PROJECT NAME Science and Policy Integration for COastal System Assessment
ACRONYM SPICOSA
STUDY REGION -
PRINCIPAL INVESTIGATOR Dennis Bailly
DURATION February 1, 2007 - January 31, 2011
PROJECT WEBSITE Link to project website
LOICZ PROJECT DATABASE Click here for more project information
PROJECT DESCRIPTION

Spicosa´s overall aim is to develop a self-evolving, holistic research approach and support tools for the assessment of policy options for sustainable management through a balanced consideration of the ecological, social and economic aspects of Coastal Zone Systems (Integrated Coastal Zone Management).

 

Achieving this objective will require a restructuring of the science and methodology needed to understand and to quantify the response of the coastal ecosystems, together with their consequences to their social and economic services, when these ecosystems are subjected to changing environmental and anthropogenic conditions from local to global. It will also demand integration through disciplinary and through geographic, political, and social scales. We are trying to assist Europe in its goal of achieving Sustainable Development by developing and testing a conceptual methodological framework for this transition in coastal zones.

 

The Spicosa initiative originates from the fact that coastal systems are under increasing human pressure and policy has not been able to respond properly to the resulting negative impacts on ecological, social and economic systems.

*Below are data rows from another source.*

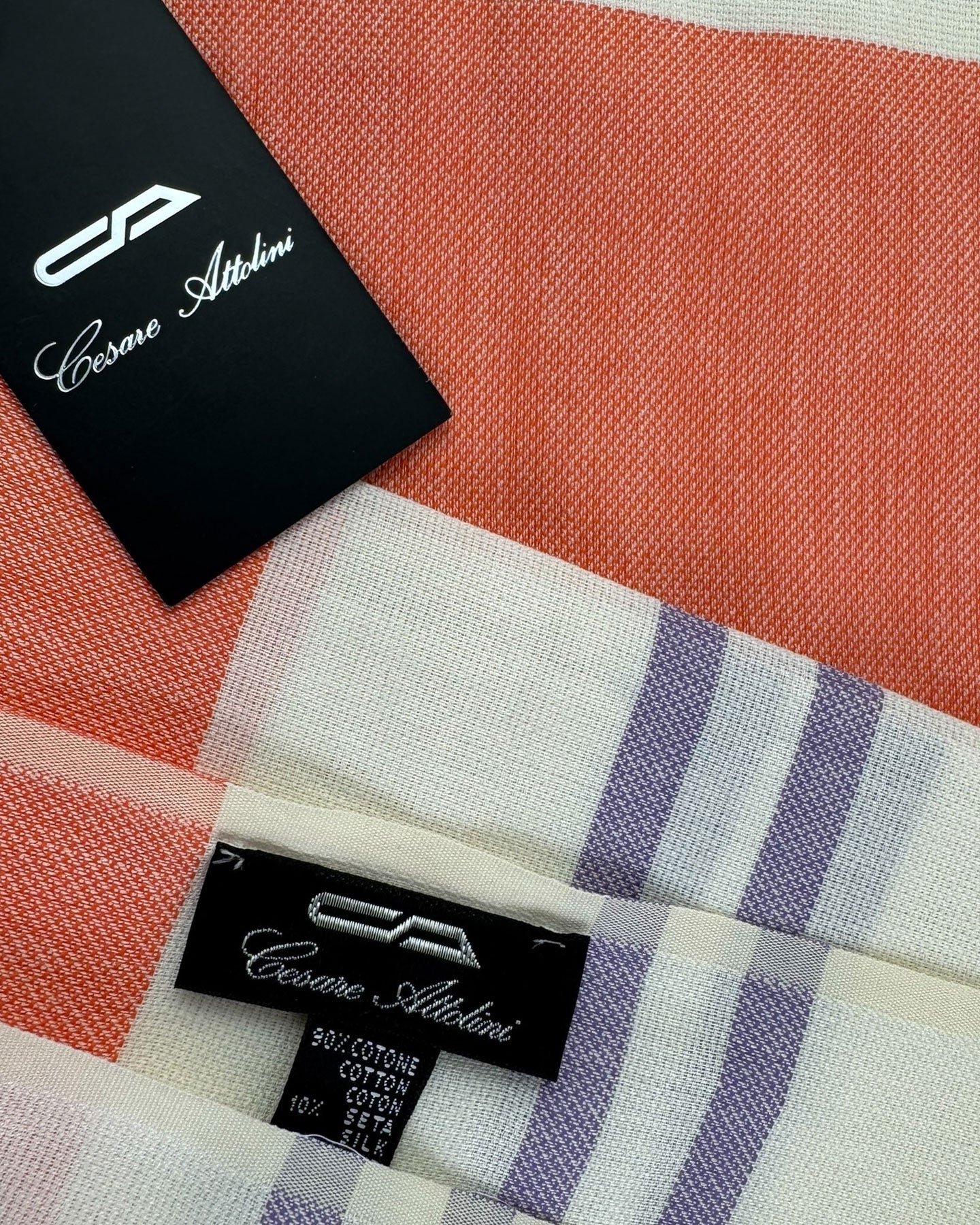 Summer collection: Genuine Attolini scarf, white peach-pink and lilac stipres design, eyelash short fringe, lightweight cotton, made in Italy. Cesare Attolini: sartorial quality designer shawls and scarves at outlet prices.
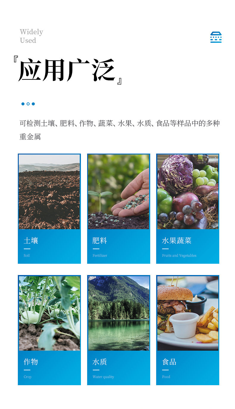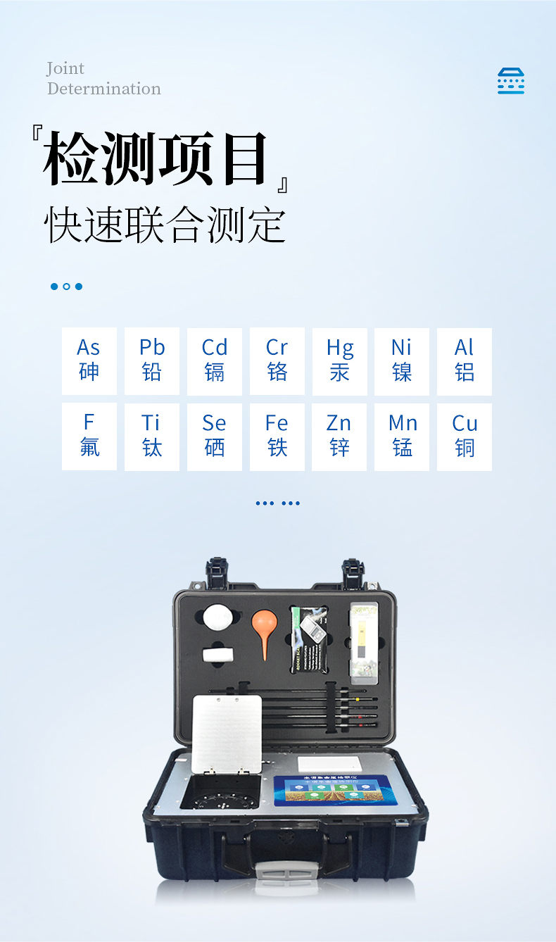 可對(duì)土壤、肥料、作物、蔬菜、水果、水質(zhì)、食品等樣品中的砷、鉛、鎘、鉻、汞、鎳、鋁、氟、鈦、硒、鐵、鋁、鋅、錳、銅等進(jìn)行快速聯(lián)合測(cè)定。
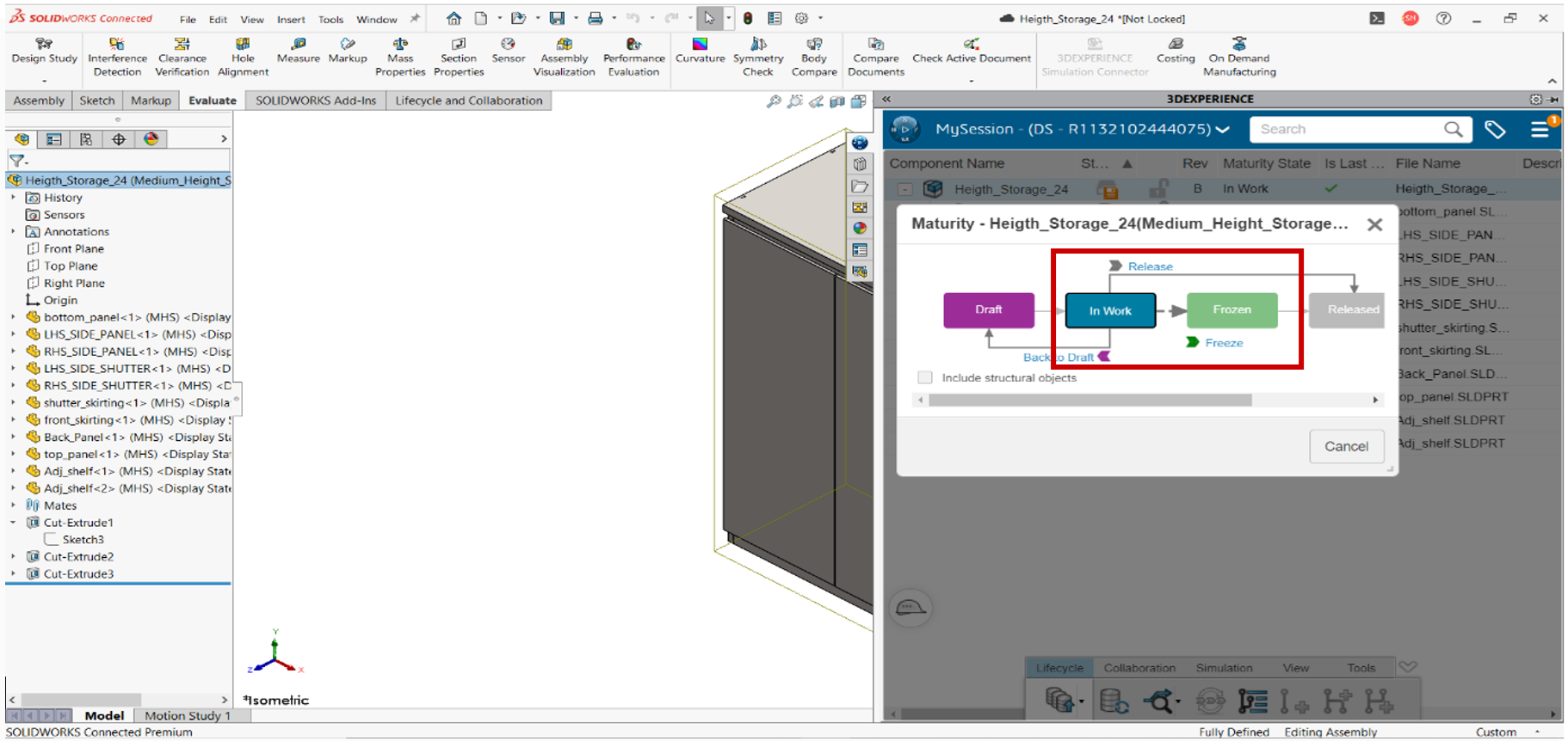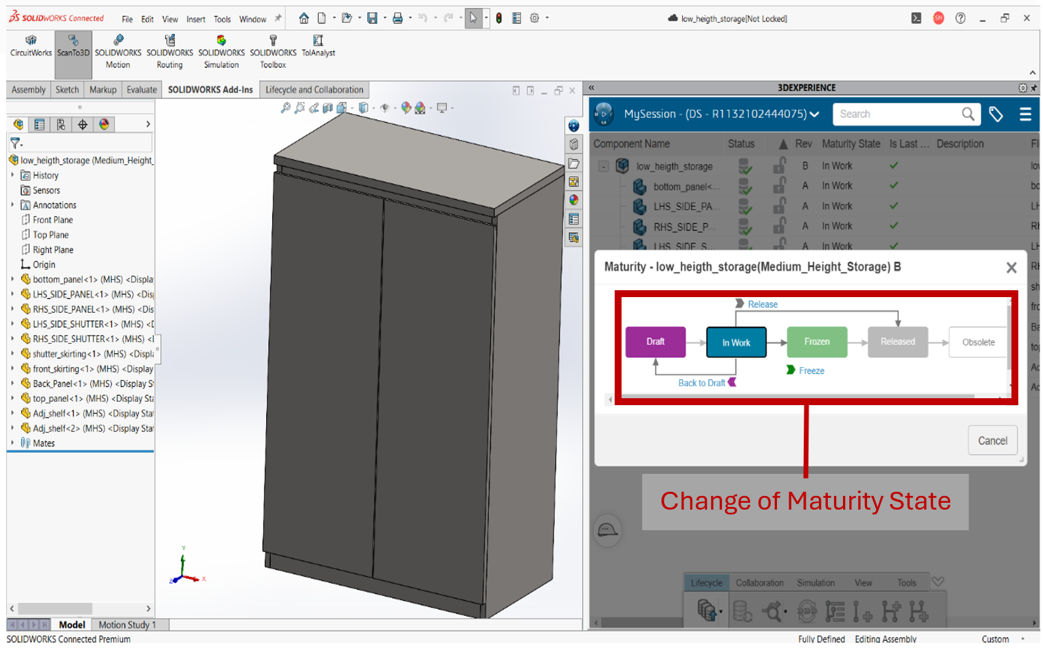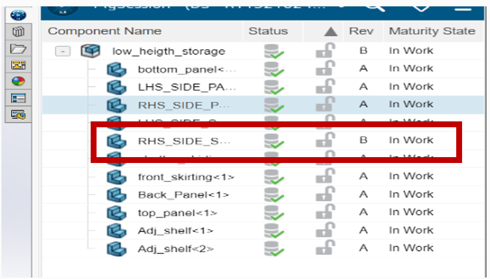 Open the part model or assembly that is to be changed using SolidWorks connected. On the task pane tab, we can that the connected model with its maturity state, revision, component status etc. we can also change the maturity state and add revisions within the SolidWorks.
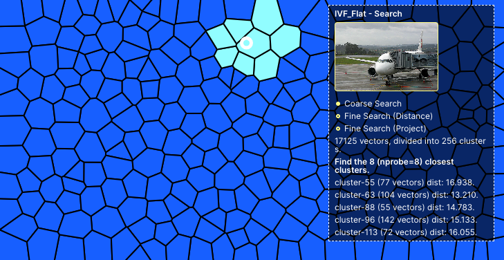 如果我们使用传统的 FLAT 类型的索引,想要完成相同的检索,至少需要计算一万七千次,完成整个向量数据库的遍历。而当我们使用了 IVF_FLAT 索引之后,根据上文中的参数配置,我们只需要进行不到一千次的计算:包含了粗略查询 256 次,以及后续的精细查询 742 次左右,能够大幅提升我们对于检索效果的获取速度。

As a consequence, we have realized that more innovative effort is needed to treat the coastal zone as an integral functioning system (the CZ System), to focus more on how to provide prognostic information or this integrated system, and to improve the ways in which research information about this is utilized for decision making, The Spicosa working hypothesis is that our present approach to managing our CZ resource needs a much improved, interactive link between the best interests of the natural-resource system and the society that benefits from itThe Project will not conduct a typical field program in coastal zones; instead it will test and perfect its methodology (System Approach Framework, SAF) at various sites in a limited, real-time configuration.

 

We have chosen eighteen Study Site Applications (SSAs) all over Europe for this purpose. In order that the SAF become an operable tool for both science and policy, it must be applicable to the full range of issues confronting coastal zone management, i.e. we are not producing a researcher- or issue-dependent methodology. Our objective then is to demonstrate the use of the SAF over a wide range of coastal zones that differ in geomorphology, environmental conditions, and human activities.

 

The group of Coastal Zones (CZ) selected for the SSAs includes all major impacts, has varying types of watersheds, marine environments, and has a wide range of human activities, cultural patters, and policy priorities. With the application of the SAF to each of these, we will create a significant SSA data set from which we can credibly distinguish those human activities that generate the greatest impacts and those types of CZ systems that are most vulnerable to human activity.

 

These applications will also allow us to understand which policy controls can be considered as independent of the natural characteristics of a CZ system, which controls need to be made specific to a particular CZ, and to which policy changes are public perceptions most sensitive.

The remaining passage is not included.